B Complex for Injection USP with Methylcobalamin 1000 mcg/ml, Sterile, for IM or Deep SQ use, multiple dose vial, packaged in 10 ml vials and 30 ml vials. Manufactured by: CB Inc. for Sunshine Labs, www.sunshinelabs.us.

Recall Insight

This FDA Drug action (record #D-1528-2014) was formally reported on August 13, 2014, with the manufacturer initiating the action on June 25, 2014. It is classified under Moderate severity (Class II), with a current status of Terminated. Medical Supply Liquidators Llc is listed as the recalling firm, operating out of Clive, IA. Federal records indicate N/A units are affected.

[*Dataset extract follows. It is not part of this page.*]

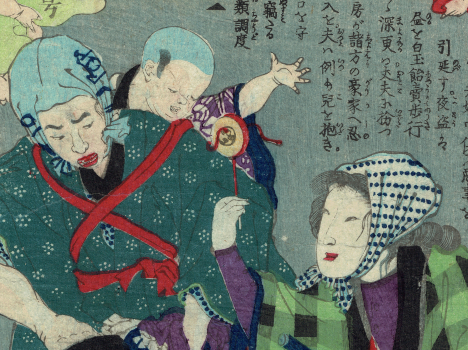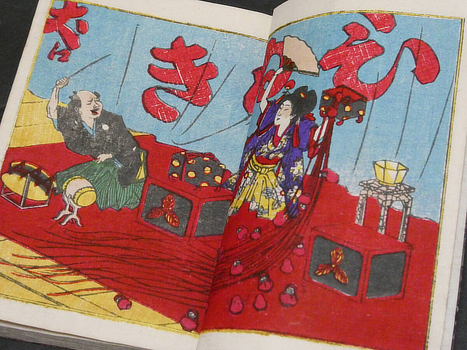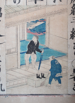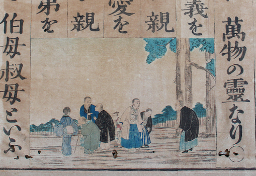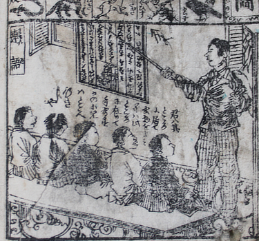 The various editions and versions of the Shogaku Nyumon and similar elementary primers show that these wall charts were revised and adapted for some years. The miniature versions in the books are changed and reorganised but these originals can still be recognised; who could mistake that hairpiece and nose? Commercial colour woodcuts of the charts in use were also produced by canny publishers: teacher pointing and attentive kids on the floor. The charts were exaggerated so that they could still teach even in such reduced form. Kiyochika did at least three in 1874.

The documented reason for this recall is: Marketed without an Approved NDA/ANDA; IM and SQ injectable products are being recalled because the manufacturing firm is not registered with the FDA as a drug manufacturer Distribution data in the federal record shows the product reached: Nationwide and Foriegn distribution was made to Canada, United Kingdom, Australia, Slovenia, Germany, Spain, Finland and Croatia.. Distribution scope directly affects the consumer exposure window and determines whether a recall remains regional or escalates into a nationwide advisory.

To put this record in context, PlainRecalls indexes 83,949 recalls across the FDA, CPSC, NHTSA and USDA FSIS going back to 1995. Within the same product category, the database holds 6 closely related recalls, of which 5 were also issued by FDA Drug. That clustering is a signal — repeated actions in a narrow category often indicate a systemic quality-control issue, a supplier-wide contamination, or a design defect that has propagated across product lines. This recall is roughly 12 years old; older recalls can remain relevant because many units enter resale, rental, and secondary-market channels where the original warning never reaches the end user. Always cross-check the recall number against the official agency page before relying on any summary.